Researchers from the Center for International Forestry Research (CIFOR), who have been studying the hunting, use and commercialization of bushmeat in the triple-border area, recommend exploring the possibility of legalizing and regulating the sale of certain bushmeat species, rather than leaving it in the shadows.
I raised my children to be healthy—that’s the way my mother raised me
Although consumption of bushmeat is most often associated with rural communities, the researchers found that about 473 tons a year pass through the markets in the towns near the triple border.
“Bushmeat is not important in terms of the number or percentage of meals that include it, compared to meat from domestic animals, but it is an important source of diversity in people’s diets,” said Nathalie Van Vliet, a senior research associate at CIFOR who is leading the study.
DISH IT UP
On Sundays, the rustic restaurants in a rural area known as “Los Kilómetros,” along a paved road leading out of Leticia, fill with families out for a leisurely afternoon meal and perhaps a dip in a pool.
Although it’s not on the menu, some chefs serve up boruga, deer or other game if asked. They are cautious, however, fearing that police will raid their kitchens. Local hunters say their sales to restaurants drop off when there have been police sweeps.
The diners seek out a bushmeat meal for various reasons.
Some just like the taste.
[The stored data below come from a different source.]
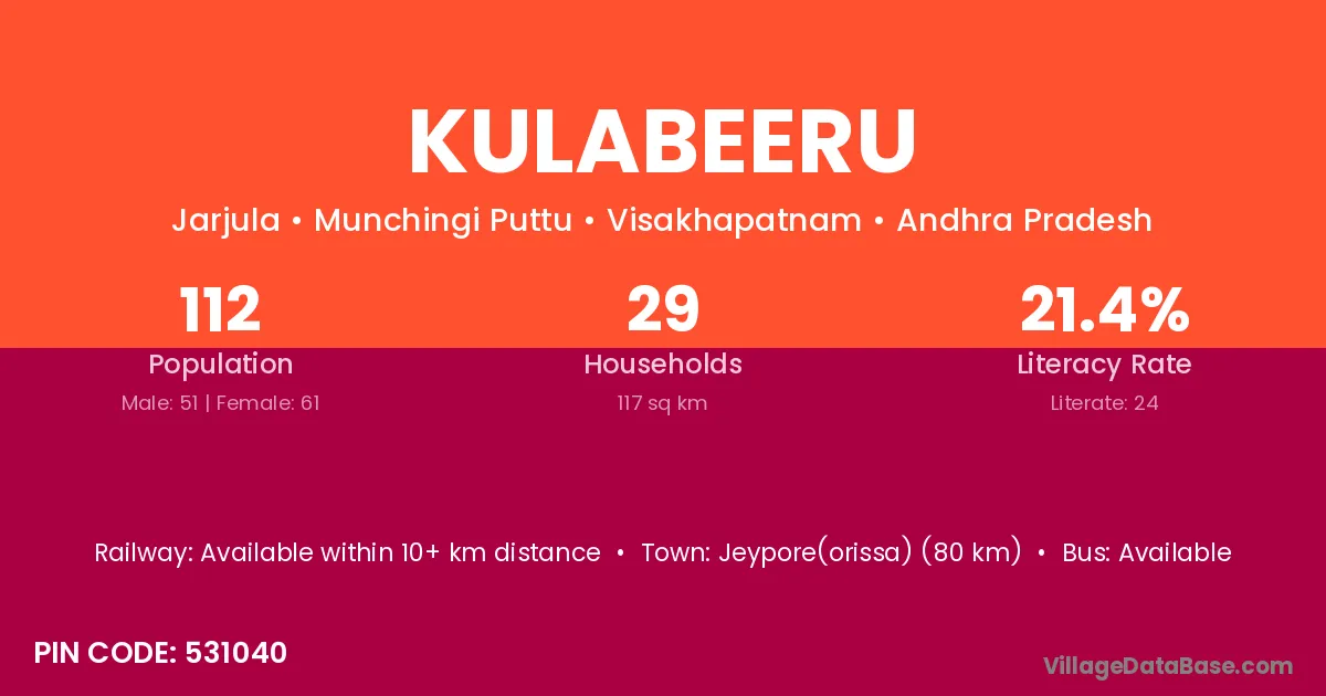 Kulabeeru village has a total population of 112 people, of which 51 are males and 61 are females.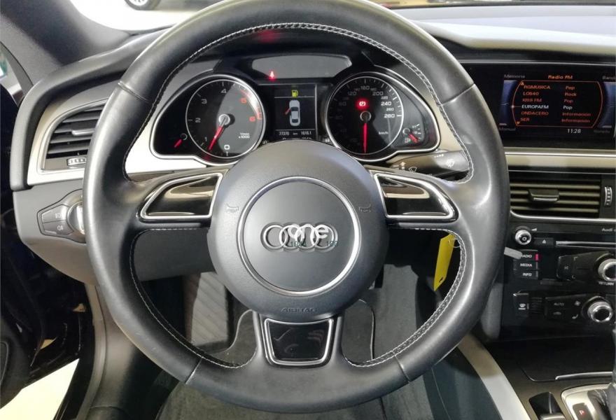 AUDI A5, Diesel, año 2013, 71400 kilómetros, color Negro (NEGRO) , precio 27500€. PRECIO SUJETO A FINANCIACIÓN. GASTOS E IVA INCLUIDOSEQUIPAMIENTO- AUTOMATICO- Pilotos traseros tipo LED- Climatizador- Radio Concert- Faros xenón- Sistema de aparcamiento asistido trasero- Lavafaros- Sensor de luz y lluvia- Tapizado Arkade- Volante multifunción deportivo de cuero- Sujeciones traseras ISOFIX para asientos infantiles- Sistema de información al conductor color- Luces adicionales en habitáculo- Reposabrazos central delantero- Radiador para países cálidos- 2968 cc (3.0 Ltr) 204CV/150kW- Multitronic- Regulador de velocidad- 225/50 R 17 .. Y- 7 1/2 J x 17 aleación- Rueda de emergencia- ABS+EDS+ESP- Norma antipolución EU5- Bicapa sólido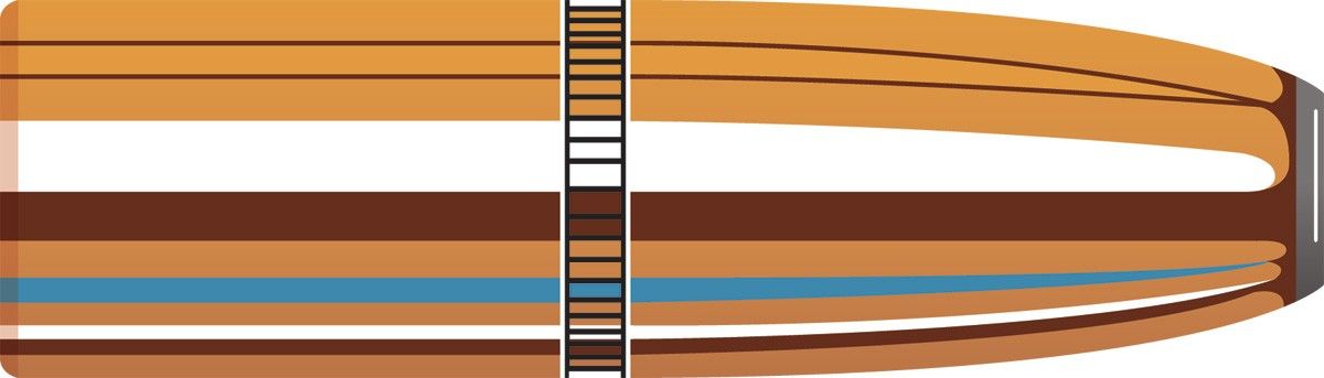 Cette balle est composée d’une chemise en acier cuivré soudée à un noyau en plomb afin de provoquer une expansion contrôlée limitée accompagnée d’une grande pénétration et d’une forte rétention de poids. Souder la chemise au noyau évite leur séparation à l’impact sur des surfaces dures telles que des os. La balle conserve son intégrité et produit une expansion importante.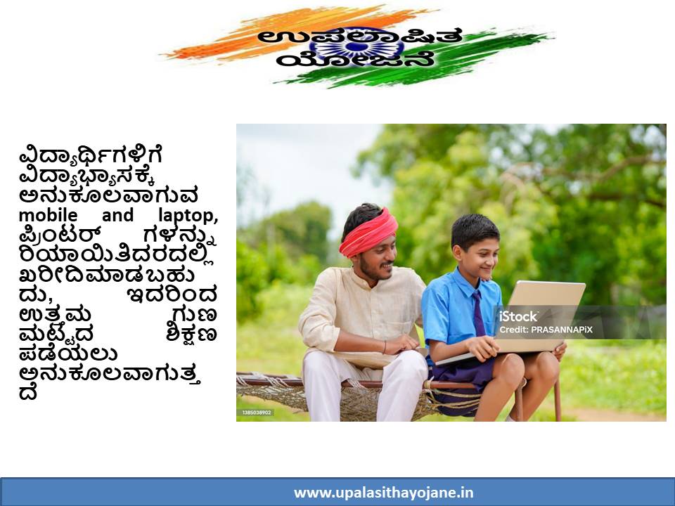 - ಉನ್ನತ ವಿದ್ಯಾಭ್ಯಾಸ ಉದ್ದೇಶಕ್ಕೆ, ವಿದ್ಯಾರ್ಥಿಯ ಪ್ರತಿಭೆ ಹಾಗು ಆಶಕ್ತಿ ಕ್ಷೇತ್ರಗಳಲ್ಲಿತೊಡಗಿಕೊಳ್ಳುವುದಕ್ಕೆ, ಶೈಕ್ಷಣಿಕ ಉದ್ದೇಶಕ್ಕೆ ಮೋಬೈಲ್ ಇತರೆ ಎಲೆಕ್ಟ್ರಿಕ್ ವಸ್ತು ಖರೀದಿಗೆ ಮತ್ತು ಲ್ಯಾಪ್ ಟಾಪ್/ ಡೆಸ್ಕ್ ಟಾಪ್ ಖರೀದಿಗೆ ನೀಡುವ ರಿಯಾಯಿತಿ ಹಾಗು ಸಹಾಯ ಧನದ ಮಾಹಿತಿಯನ್ನು ಯೋಜನೆಯ ಮೂಲಕ ನೀಡಲಾಗುತ್ತದೆ.

For others, who have migrated to the towns from rural areas, it’s a reminder of the flavors of home and childhood. Bushmeat is often a highlight of festivals or meals served as part of the communal work days known as minga.
But for Rodríguez, a member of the Muinane indigenous people, the biggest advantage is nutrition.
Her father ate no pork, beef or chicken, she recalls—“just bushmeat”—and she followed his example.
“I raised my children to be healthy,” she says. “That’s the way my mother raised me.”
But the youngest was only 18 months old when Rodríguez, a leader of a women’s organization in the town of Aracuara, received a death threat that forced her to flee to Bogotá, the Colombian capital.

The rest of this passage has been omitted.